>>>>

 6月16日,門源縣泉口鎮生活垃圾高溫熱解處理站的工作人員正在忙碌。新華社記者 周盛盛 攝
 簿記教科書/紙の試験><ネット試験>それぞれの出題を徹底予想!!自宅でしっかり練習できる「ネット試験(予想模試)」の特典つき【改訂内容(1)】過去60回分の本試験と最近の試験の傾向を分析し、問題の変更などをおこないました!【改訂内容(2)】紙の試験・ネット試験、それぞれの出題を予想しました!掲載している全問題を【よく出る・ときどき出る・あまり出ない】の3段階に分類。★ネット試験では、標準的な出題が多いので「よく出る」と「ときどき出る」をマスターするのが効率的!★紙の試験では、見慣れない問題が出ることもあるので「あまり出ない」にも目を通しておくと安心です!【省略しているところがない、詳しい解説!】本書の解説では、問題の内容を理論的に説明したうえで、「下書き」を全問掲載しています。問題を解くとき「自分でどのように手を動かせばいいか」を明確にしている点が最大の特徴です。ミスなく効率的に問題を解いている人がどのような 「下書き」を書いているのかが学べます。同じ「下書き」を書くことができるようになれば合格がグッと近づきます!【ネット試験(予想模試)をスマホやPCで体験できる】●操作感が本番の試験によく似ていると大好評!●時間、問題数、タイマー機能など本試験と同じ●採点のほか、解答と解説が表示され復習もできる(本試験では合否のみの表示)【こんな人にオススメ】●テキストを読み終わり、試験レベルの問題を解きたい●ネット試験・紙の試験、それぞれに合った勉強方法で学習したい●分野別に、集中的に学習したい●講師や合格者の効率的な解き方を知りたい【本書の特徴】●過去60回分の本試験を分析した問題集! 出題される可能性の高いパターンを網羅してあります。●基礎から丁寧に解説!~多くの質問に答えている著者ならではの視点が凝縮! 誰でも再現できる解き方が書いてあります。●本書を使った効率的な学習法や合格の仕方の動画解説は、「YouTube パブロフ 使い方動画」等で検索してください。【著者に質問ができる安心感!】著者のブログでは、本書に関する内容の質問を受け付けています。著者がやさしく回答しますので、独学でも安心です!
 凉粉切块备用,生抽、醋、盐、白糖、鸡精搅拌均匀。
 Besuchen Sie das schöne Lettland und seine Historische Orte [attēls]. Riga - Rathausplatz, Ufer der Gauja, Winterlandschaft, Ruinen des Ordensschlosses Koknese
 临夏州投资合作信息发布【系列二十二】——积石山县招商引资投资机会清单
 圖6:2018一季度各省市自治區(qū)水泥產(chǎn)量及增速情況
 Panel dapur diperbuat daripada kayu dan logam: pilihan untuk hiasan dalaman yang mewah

<<<<
>>>>

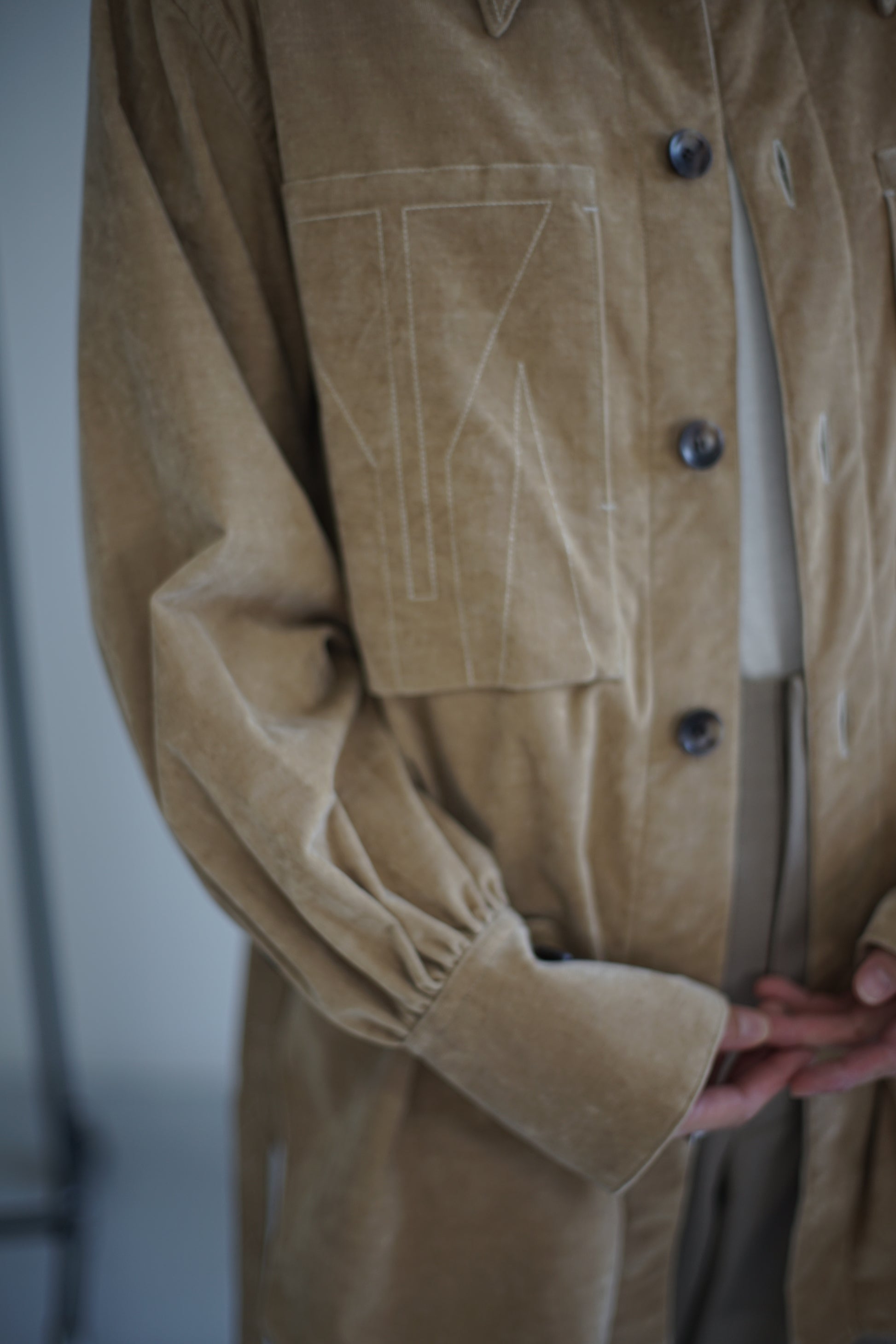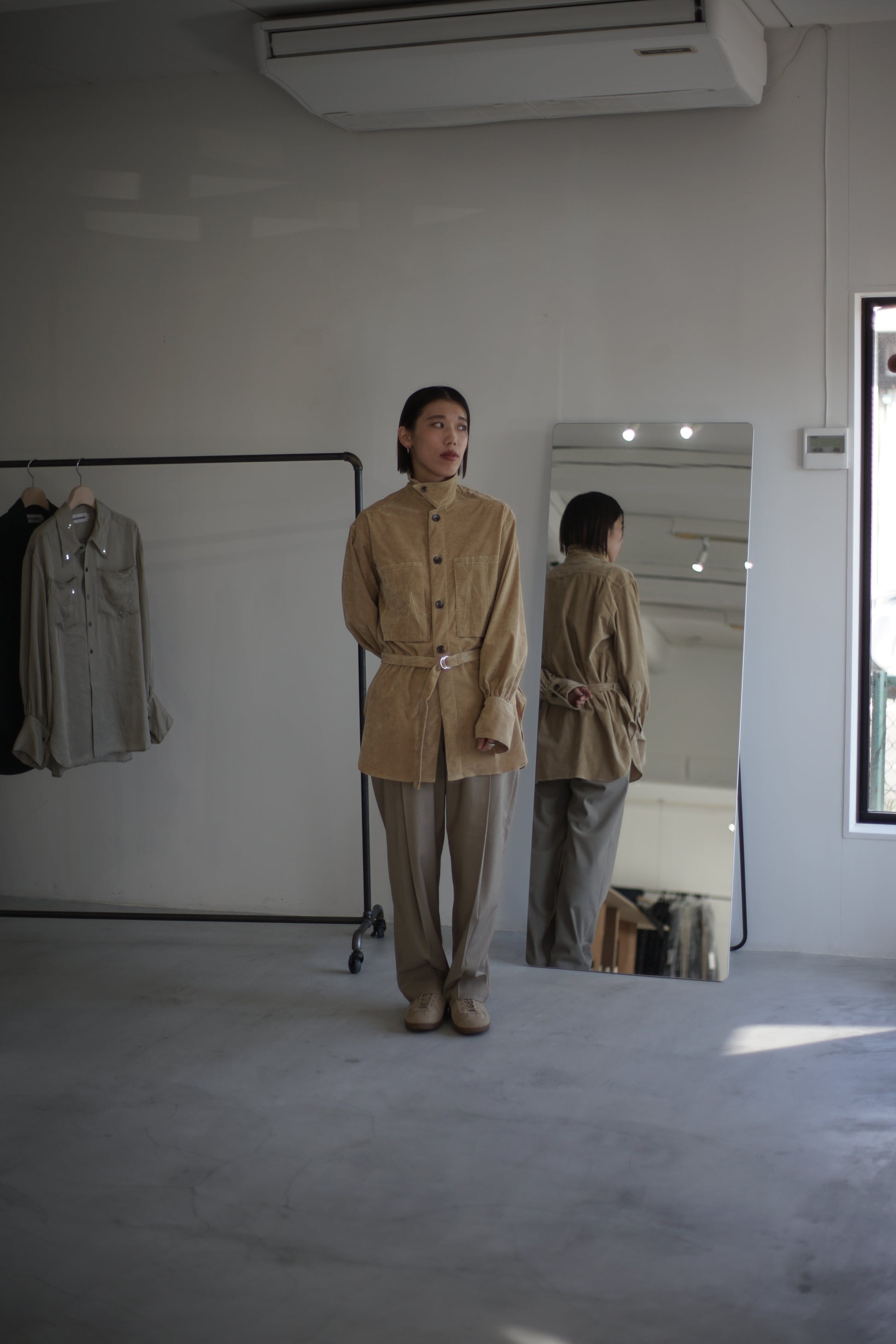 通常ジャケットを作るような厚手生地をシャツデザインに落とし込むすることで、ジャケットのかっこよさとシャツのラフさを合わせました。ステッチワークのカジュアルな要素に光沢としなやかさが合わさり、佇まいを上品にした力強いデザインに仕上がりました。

<<<<

**Work task:** Precisely the lines between those holding "Besuchen Sie das" and "Panel dapur diperbuat", inclusive, are to be reproduced from the listing above, with nothing added.

**Exercise output:**
 Besuchen Sie das schöne Lettland und seine Historische Orte [attēls]. Riga - Rathausplatz, Ufer der Gauja, Winterlandschaft, Ruinen des Ordensschlosses Koknese
 临夏州投资合作信息发布【系列二十二】——积石山县招商引资投资机会清单
 圖6:2018一季度各省市自治區(qū)水泥產(chǎn)量及增速情況
 Panel dapur diperbuat daripada kayu dan logam: pilihan untuk hiasan dalaman yang mewah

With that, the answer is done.